Watch video of the full meeting here.

Mellow DeTray is a Seattle native who has spent the last 16 years raising her family in Burien. She has volunteered at many local establishments over the years, including the Burien Library, Burien Actors...

10 replies on “Burien City Council strengthens camping ban; hears DESC update, selects ‘Citizen of the Year’ & more at Monday night’s meeting”

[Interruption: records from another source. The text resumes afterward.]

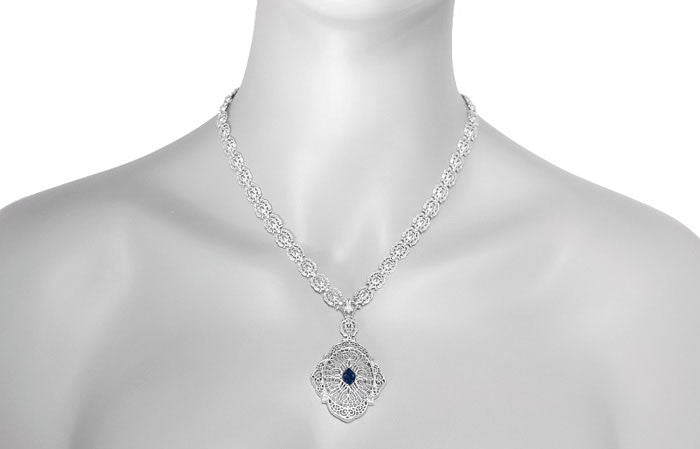 Edwardian Filigree Sapphire and Diamond Drop Pendant Necklace in Sterling Silver
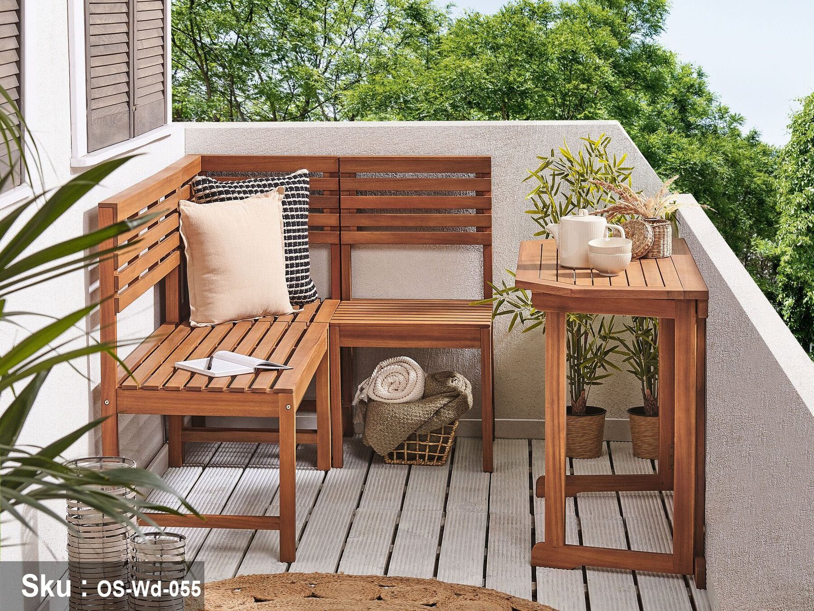 Create a comfortabcorner in your outdoor area. The modern design with the structure made of Roman red beech wood for this piece of furniture is sure to decorate your garden, patio, or terrace. There is a tabwith the product, which guarantees you a side space for your drink, and you can now purchase an outdoor waterproof cover. To maintain your outdoor furniture here
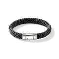 10mm woven black rubber bracelet from John Hardy with a sterling silver pusher clasp for secure closure with engraved design. Our most iconic design distills the complex art of chain-weaving into a stunningly simple form. Size Large
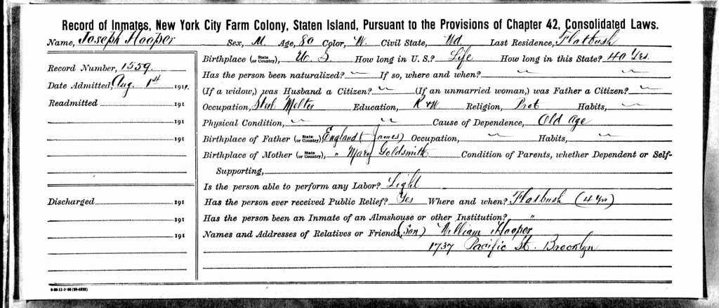 Joseph Hooper NY Census of Inmates in Almshouses and Poorhouses 1911
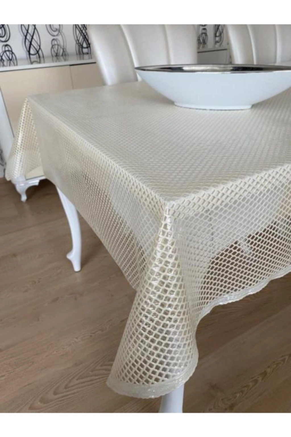 Şeffaf Kaplamalı Petek Desenli Pvc Muşamba Masa Örtüsü Krem

  1. First and foremost, these changes will indicate to the residents and businesses in Burien that the responsibility of Government is to serve all. You cannot have a downtown core become an uninviting mess and expect visitors to feel welcome and safe. The activists have played the “oh the humanity” card, what’s humane is not encouraging street camping and open drug use, but to seek to better your situation. A woman spoke last night about being born, raised, and educated in Burien yet still camps outside the Library, what should have been asked of her or any activists is why still? For how long does someone get to refuse help and just decide the street is her family as she said! If she or anyone else feels it’s their right to live as they wish, and society should just except and endlessly support them, then they are certainly confused or way too high.

  2. Unfortunately, many of the responsible citizens have busy lives that make it hard to attend council meetings. The homeless activists have nothing better to do than camp out at meetings. Thankfully, our Burien city council is aware of that.

  3. There was not public outcry. The same group of activists who show up at every council meeting made more emotional statements ignoring the realities of what’s happening in our community. And the council moderates, who were just elected by overwhelming majorities, did their jobs and made sensible policy ignoring the activists who lost. Elections have consequences, and these activists being ignored is a great one.

  4. In regards to the homeless issue, this council is shameful and embarrassing. The council is consistently out of touch and will likely face consequences for what certainly seems to be banning the unhoused from the city. I for one feel safer when the homeless are permitted to sleep at night rather than wandering aimlessly throughout the city.

  5. You are mistaken as they can sleep at night, just not in certain areas as listed in the Ordinance. Every single one of them has declined offers of services and shelter space numerous times over and that makes them responsible for the choice they make nighty. Please stop condoning behavior that serves no one, promote accepting help rather than enabling such behavior.

  6. yes Eva, there are consequences……
    it resulted in new members of the city council who are doing what the majority of the citizens want them to do.

    1. Election turnout was less than 37% this time around so this council represents at best less than 25% of registered voters, and an even smaller fraction of “citizens”. This council was elected alright but it has no overwhelming mandate to implement radical change.

  7. what kind of person mentally thinks its acceptable to house on the sidewalk ! and do drugs all day 24 hours a day – run around living in dumpsters trashing the whole community seems like jail could bring them to sobriety instead of sympathy it dont work ! there is no reason they cant work a job there job is drug peddling and loose sex spreading their toxic life style to younger crowds it needs to stop with jailing them sober making them foot the expense and have to put in volunter hours picking up trash along the freeways , cleaning camps, moving old debri and tents and cleaning up after their co-partners in crime pay back to society all the damage they inflict on the hard working class .

  8. Burien needs more than Lead. They need to get king county to allow other diversion organizations to work along side with lead.